Chirurg. 2011 Mar;82(3):255-62. doi: 10.1007/s00104-010-1969-4.
[Article in German]

Abstract

Introduction: Inguinal hernia (IH) surgery has changed fundamentally during the last 25 years due to tension-free repair, minimally-invasive approaches and growing influence of economy in medical decision making. Aim of the study was the documentation and analysis of changes in IH surgery during the last 15 years in our patient cohort.

Material and methods: Patients undergoing elective or emergency inguinal/femoral hernia repair from January 1995 to December 2009 were included in the study. Analysis of patient data was carried out by prospective online recording.

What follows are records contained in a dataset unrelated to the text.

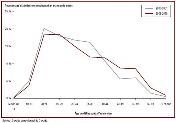 - L'âge des délinquants au moment de leur admission dans un établissement fédéral est en hausse
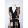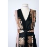 BOTTEGA VENETA ROBE DU SOIR en crêpe de soie nude et rose fluo, polyester noir et triacétate façonné damier, effet d'enduction mordorée T. 38 it Quelques mini fils tirés au bas de la jupe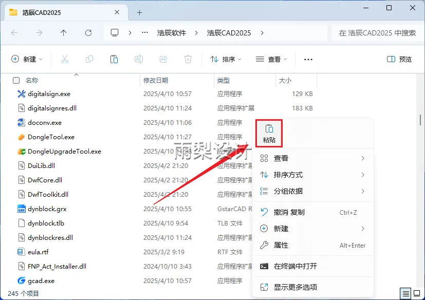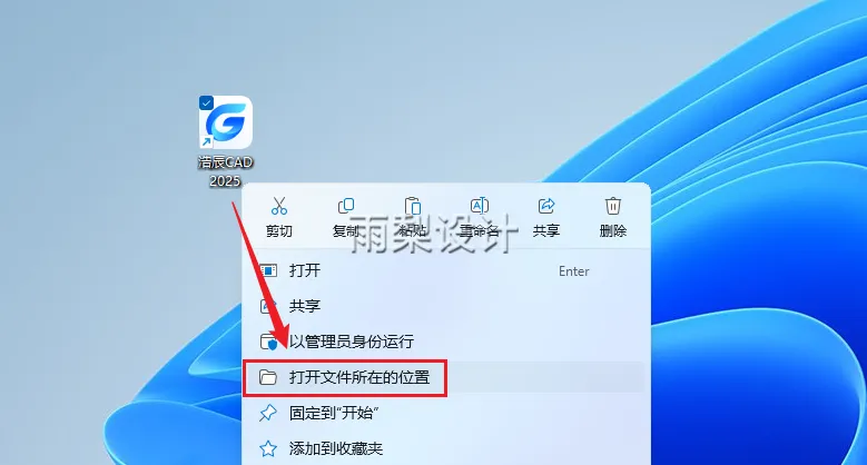 16.右键【浩辰CAD2025】选择【打开文件所在的位置】

Results: A total of 1,908 patients with 2,124 IHs were treated in the study period and the number of IH repairs decreased continuously. The number of recurrent hernias peaked in 2005-2009 with 16.4%. The average preoperative hospital stay decreased from 2.4 to 0.4 days and the postoperative hospital stay from 7.0 to 3.3 days. The percentage of suture repairs declined from 54.9% in 1995 to 4.1% in 2009 and the percentage of open tension-free repairs rose to 52.9% in 1998. In the following years the majority of repairs were performed by minimally invasive procedures but in 2009 the percentage of conventional hernia repairs exceeded the rate of minimally invasive repairs.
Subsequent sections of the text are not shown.